*What to work on*
Reproduce the listing below character for character; drop every image.

*Records supplied*
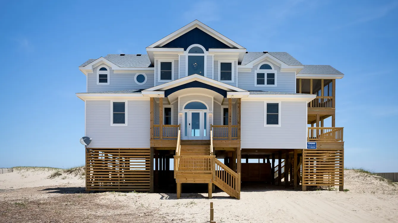 "This home was just built so it was extremely clean, updated and gorgeous overall. The location and view absolutely provided the "best of both worlds". We will definitely consider this home in the future! Twiddy was also great to work with, they were very responsive and polite. One thing to note- Being a new home the construction materials leftover seemed to be buried under the sand- some not so much. Be careful walking around outside for nails, wood debris etc. We were disheartened to see the previous renters dogs had scarred up the master bedroom door and tore the screen on the porch. I do hope they were charged for it as this home was brand new- shame on them."
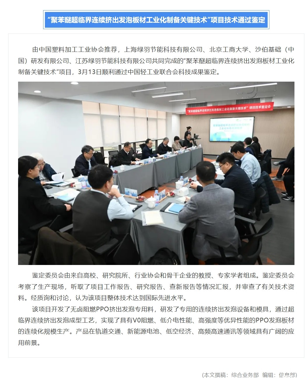 “聚苯醚超临界连续挤出发泡板材工业化制备关键技术”项目技术通过鉴定
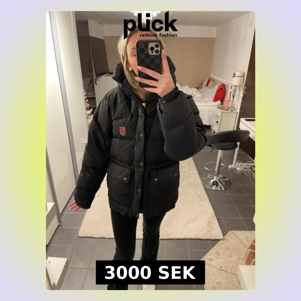 Säljer en svart pufferjacka från Fjällräven med stor, mysig huva och rejäla fickor med tryckknappar. Jackan har Fjällräven-logga på bröstet, dragkedja och knappar framtill. Perfekt för kalla dagar och har en loose passform som ger skön streetkänsla. St xs-s❣️
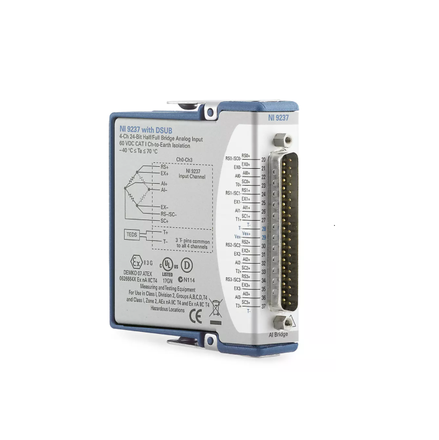 The C Series Strain/Bridge Input Module works with higher-channel-count, dynamic strain measurement systems. Modules can acquire measurements from up to eight channels, with compatibility options for quarter-, half-, and full-bridge sensors. The C Series Strain/Bridge Input Module is ideal for application channels requiring measurements at particular times, such as impact tests. It includes built-in voltage excitation, as well as transient isolation for high-common-mode noise rejection and improved safety.The C Series Strain/Bridge Input Module includes the NI-DAQmx driver and configuration utility that simplify configuration and measurements. NI-DAQmx supports NI programming environments as well as Python, ANSI C, C#.NET, and MathWorks MATLAB® software.
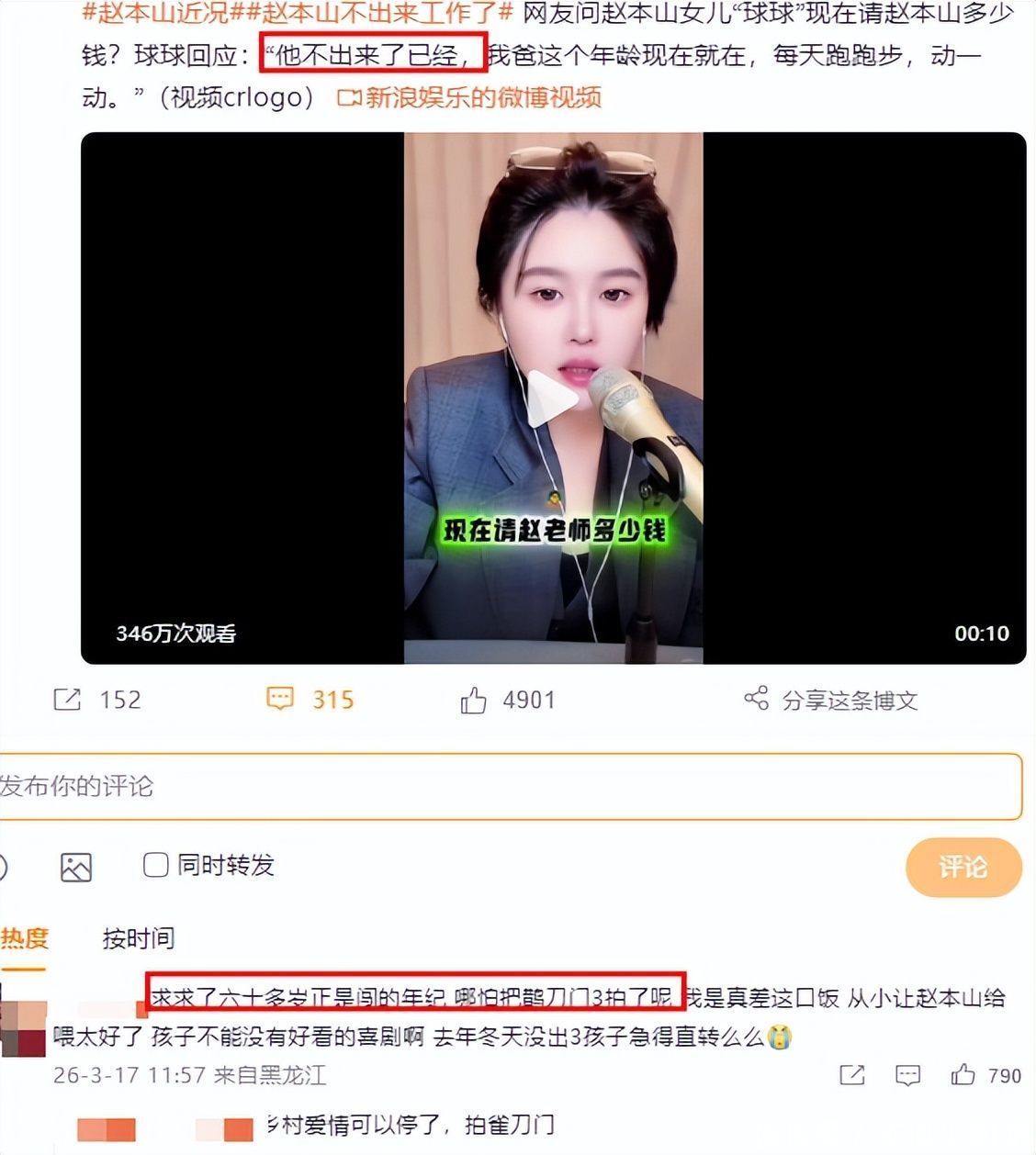 近日,赵本山之女球球在直播中谈及父亲现状,话语朴实竭诚,
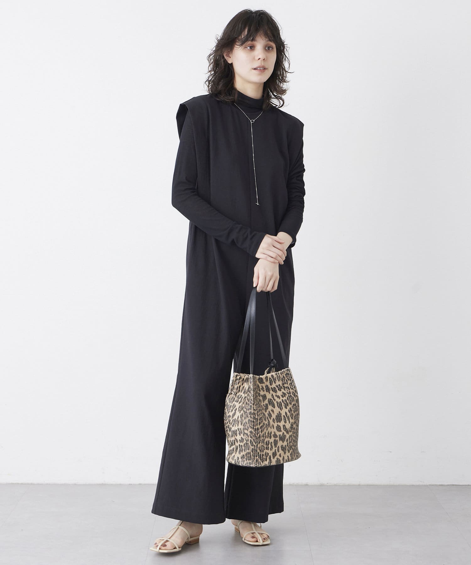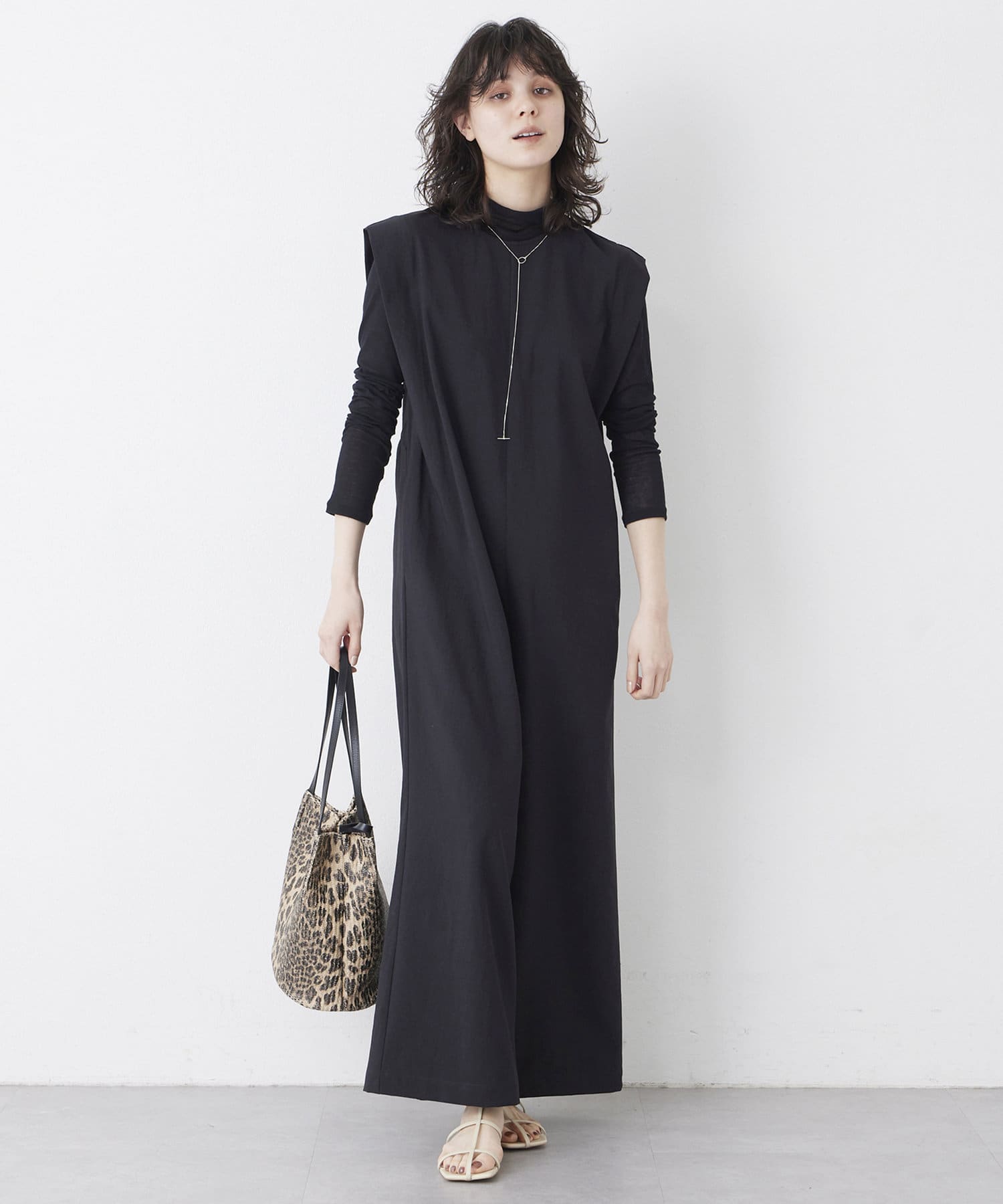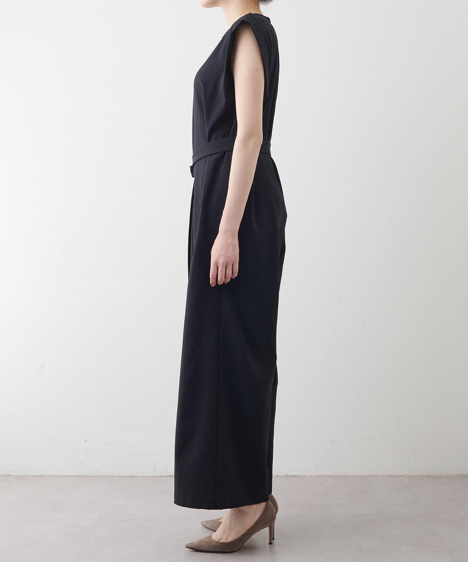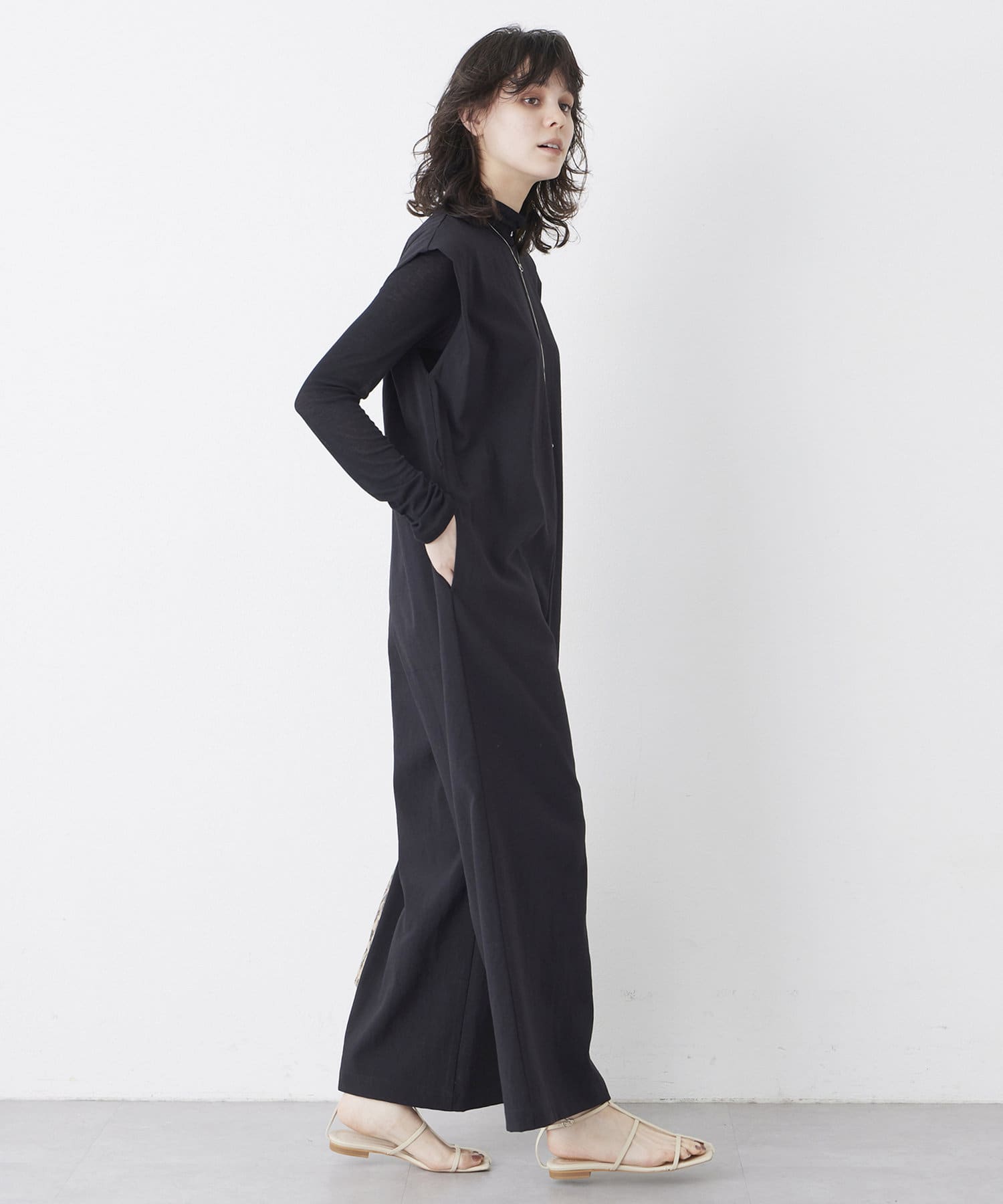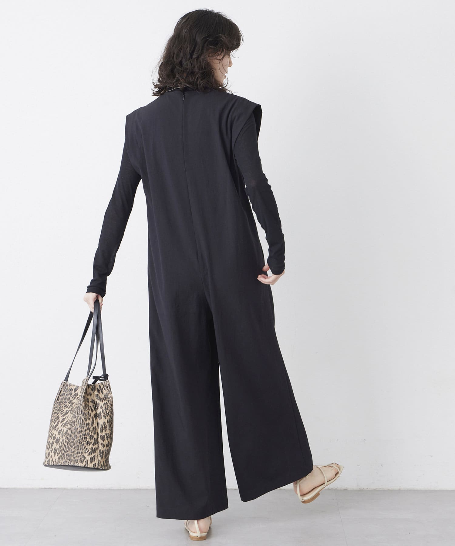 ■ダブルクロス素材のゆったりとしたオールインワン。

*Solution to this exercise*
 "This home was just built so it was extremely clean, updated and gorgeous overall. The location and view absolutely provided the "best of both worlds". We will definitely consider this home in the future! Twiddy was also great to work with, they were very responsive and polite. One thing to note- Being a new home the construction materials leftover seemed to be buried under the sand- some not so much. Be careful walking around outside for nails, wood debris etc. We were disheartened to see the previous renters dogs had scarred up the master bedroom door and tore the screen on the porch. I do hope they were charged for it as this home was brand new- shame on them."
 “聚苯醚超临界连续挤出发泡板材工业化制备关键技术”项目技术通过鉴定
 Säljer en svart pufferjacka från Fjällräven med stor, mysig huva och rejäla fickor med tryckknappar. Jackan har Fjällräven-logga på bröstet, dragkedja och knappar framtill. Perfekt för kalla dagar och har en loose passform som ger skön streetkänsla. St xs-s❣️
 The C Series Strain/Bridge Input Module works with higher-channel-count, dynamic strain measurement systems. Modules can acquire measurements from up to eight channels, with compatibility options for quarter-, half-, and full-bridge sensors. The C Series Strain/Bridge Input Module is ideal for application channels requiring measurements at particular times, such as impact tests. It includes built-in voltage excitation, as well as transient isolation for high-common-mode noise rejection and improved safety.The C Series Strain/Bridge Input Module includes the NI-DAQmx driver and configuration utility that simplify configuration and measurements. NI-DAQmx supports NI programming environments as well as Python, ANSI C, C#.NET, and MathWorks MATLAB® software.
 近日,赵本山之女球球在直播中谈及父亲现状,话语朴实竭诚,
 ■ダブルクロス素材のゆったりとしたオールインワン。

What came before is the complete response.